*** Provided material
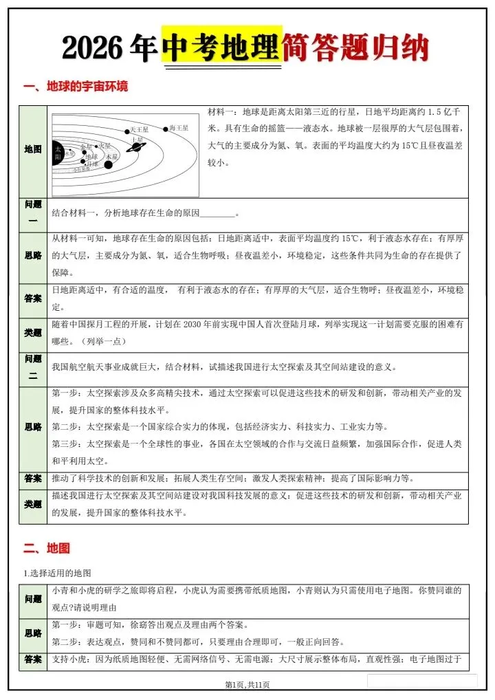 今日分享26春中考地理简答题归纳(完整电子版可打印)!高清可打印,每日轻量练习,拒绝无效刷题,用系统化资料筑牢学科基础,让假期成为提升的黄金期,开学轻松领跑。
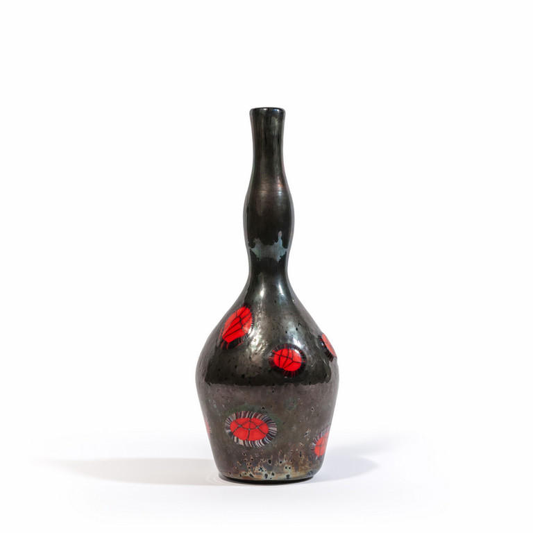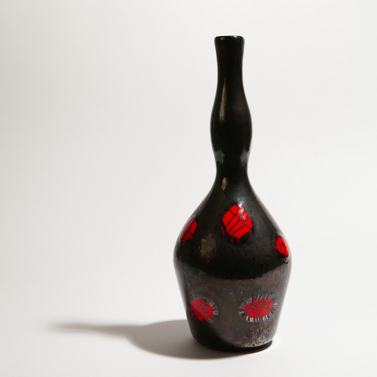 Una bottiglia 'nerox' con decoro di murrine rosse sparse.
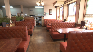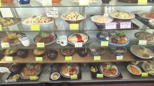1949年(昭和24年)創業の食堂。昭和の洋食屋さんといった雰囲気で、ショーケースには食品サンプルが並び、BGMには昭和の名曲が流れています。
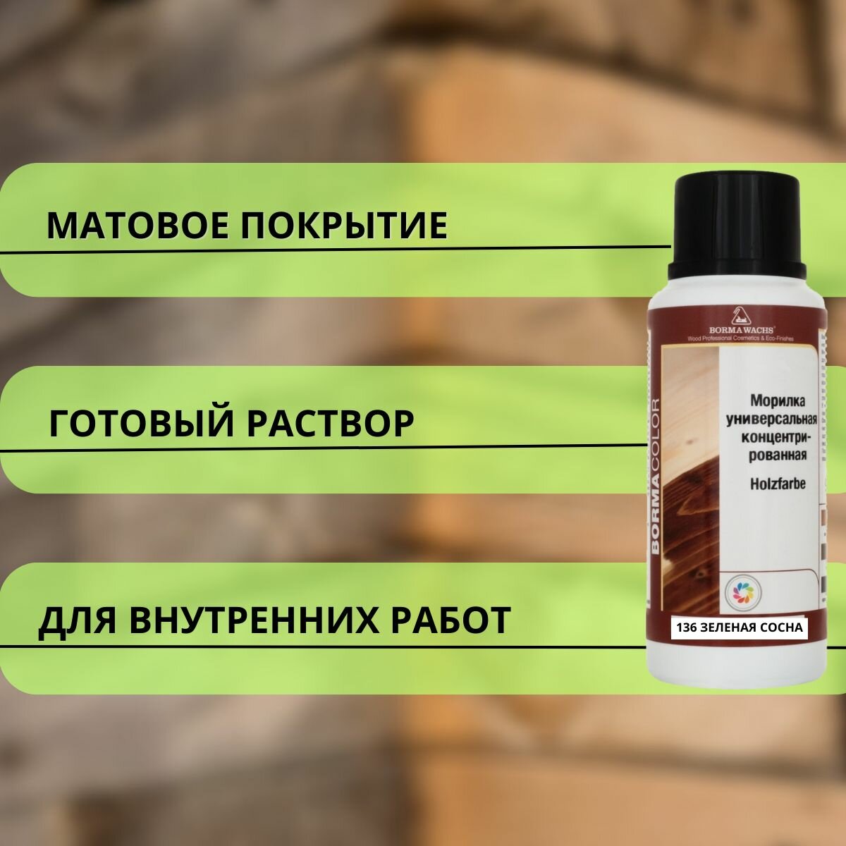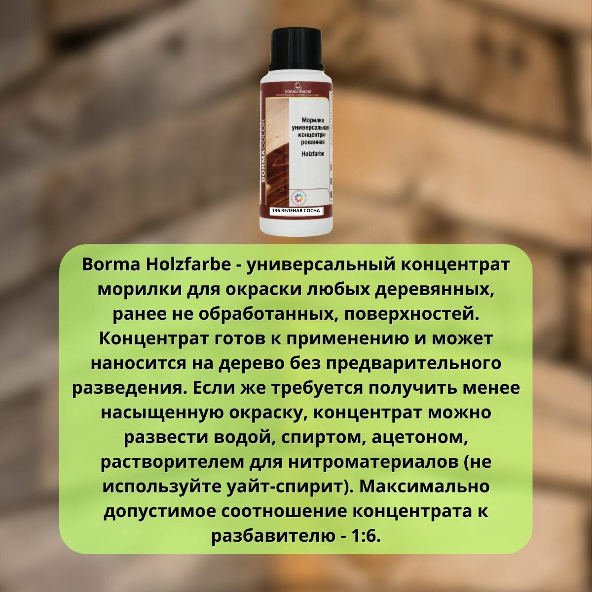 Морилка на основе растворителя BORMA HOLZFARBE 250мл Зеленая сосна 136 3000VP информация:
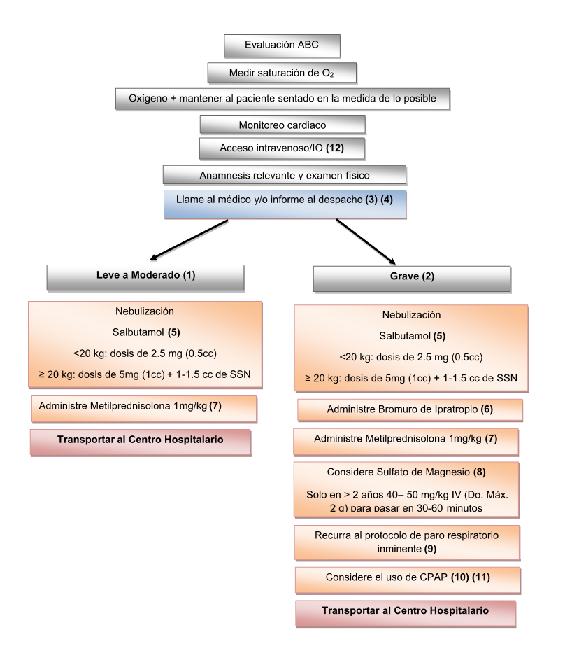 - Inicie tratamiento antes del traslado del paciente. No se brindará tratamiento de asma en casa. Pueden repetirse las inhalaciones de Salbutamol exclusivamente cada 20 minutos.
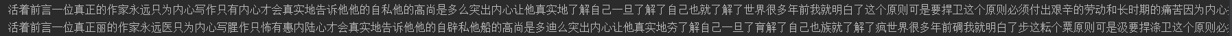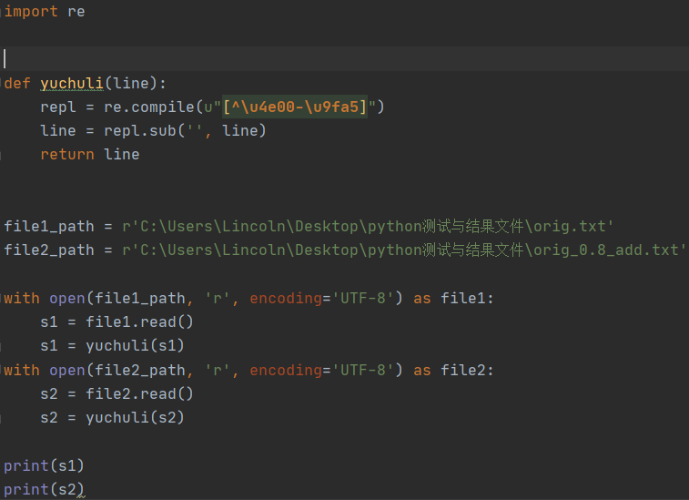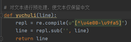 在翻看txt文件的时候可以发现,其除了汉字以外还包括了标点符号等不需要进行分词比较的部分。所以我利用正则表达式先对文本进行预处理,将文本中除中文外的所有字符全部去除,利用了如下代码:
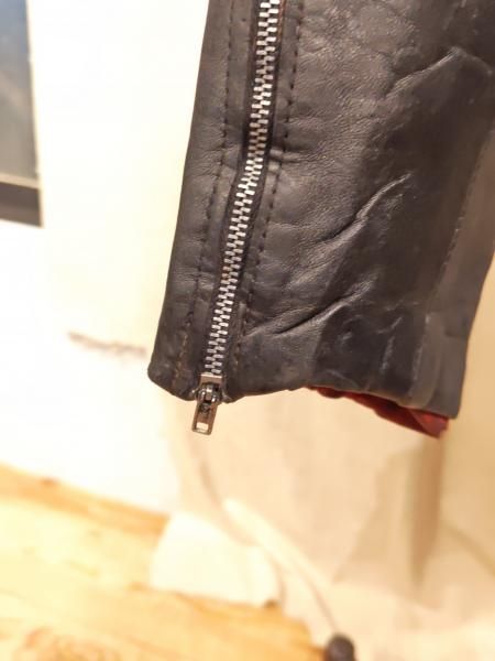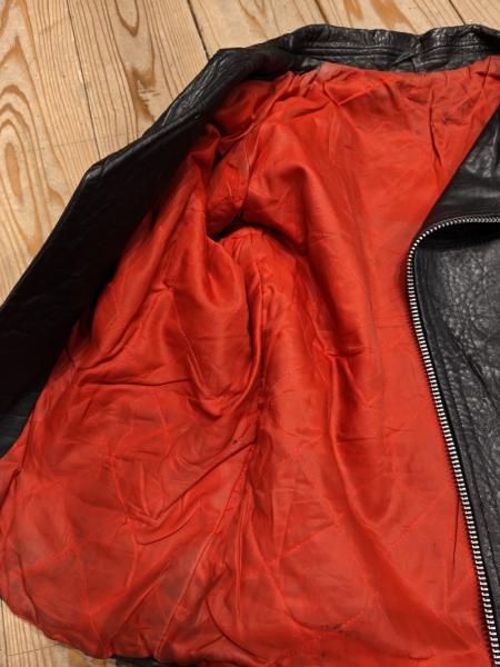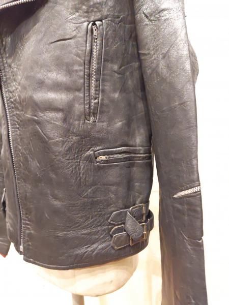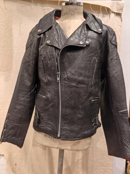 70~80年代ヨーロッパ製のレザーライダースジャケットです。メインジッパーはYKKです。レザーの状態は、ステッチもしっかりとしています。 革スレは全体的にみられます。大きなダメージはみられません。 ファスナー稼動も問題ありません。 | |
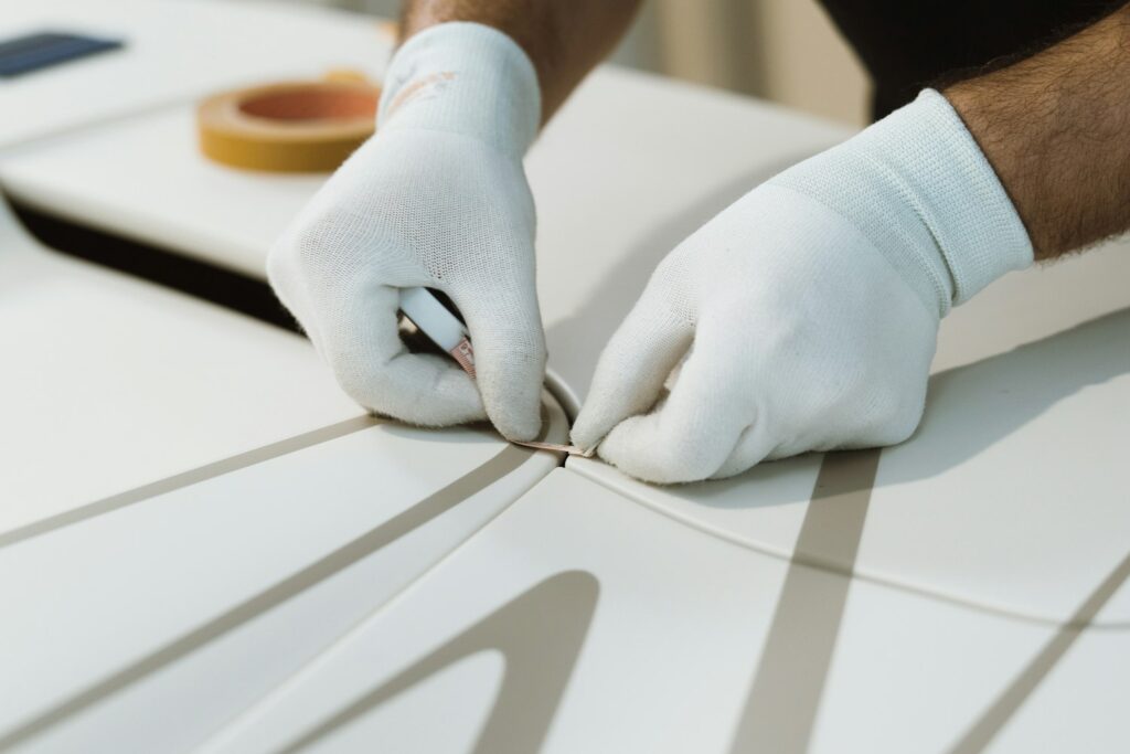 Polished aluminum elements glisten softly under ambient lighting, while bespoke embroidery adds a signature touch exclusive to this commission. The name “La Perle Rare” appears not as branding, but as a personal hallmark — discreet, refined, intentional.
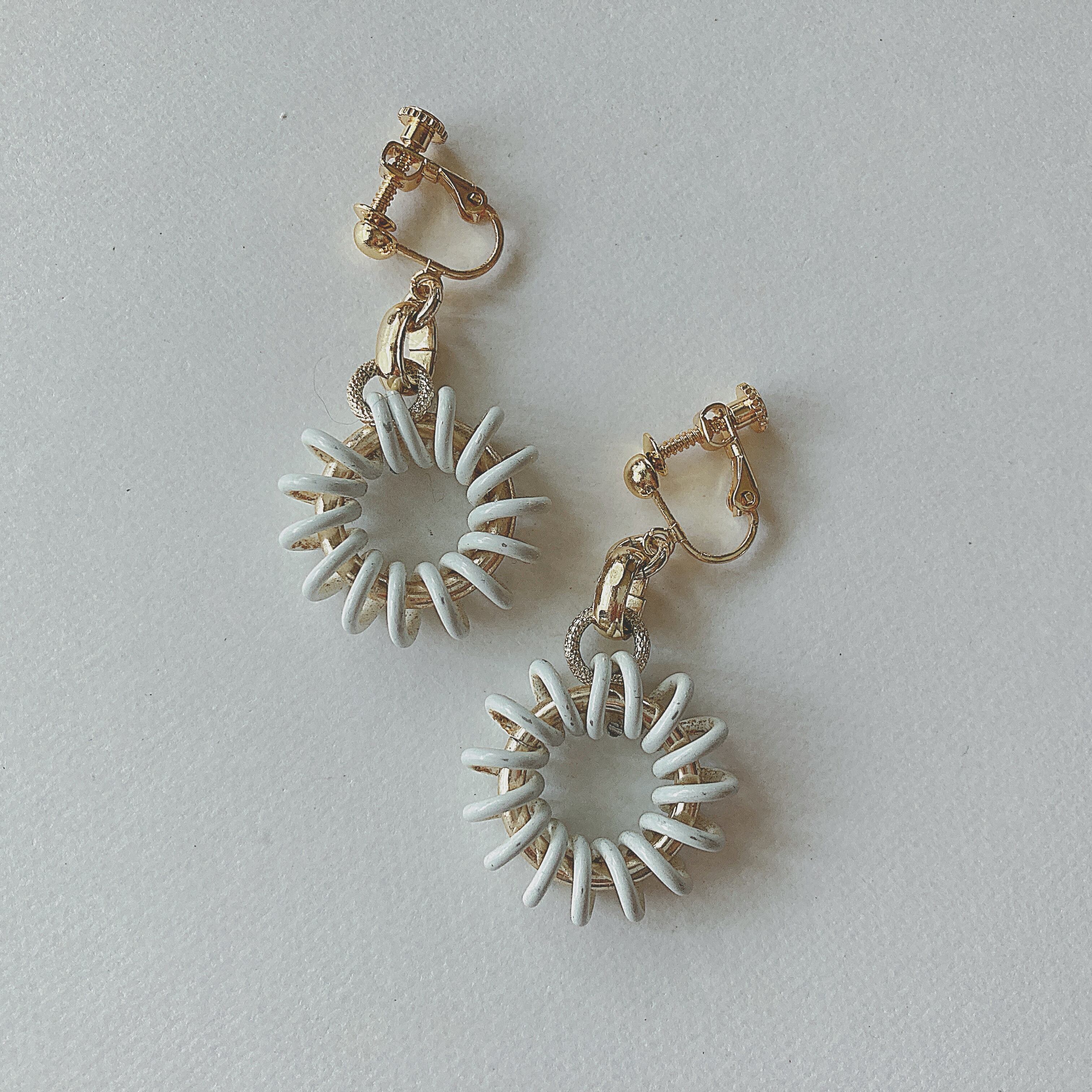 更にゴールドのフープの周りには、白のエナメルで色付けしたパーツがぐるぐると巻き付けてあり、昔の電話のコードのよう。
******
Description of the task.
Once the line containing "Polished aluminum elements" is found, write out exactly that line and each line after it through the end of the entries, omitting pictures.

Answer for the task.
 Polished aluminum elements glisten softly under ambient lighting, while bespoke embroidery adds a signature touch exclusive to this commission. The name “La Perle Rare” appears not as branding, but as a personal hallmark — discreet, refined, intentional.
 更にゴールドのフープの周りには、白のエナメルで色付けしたパーツがぐるぐると巻き付けてあり、昔の電話のコードのよう。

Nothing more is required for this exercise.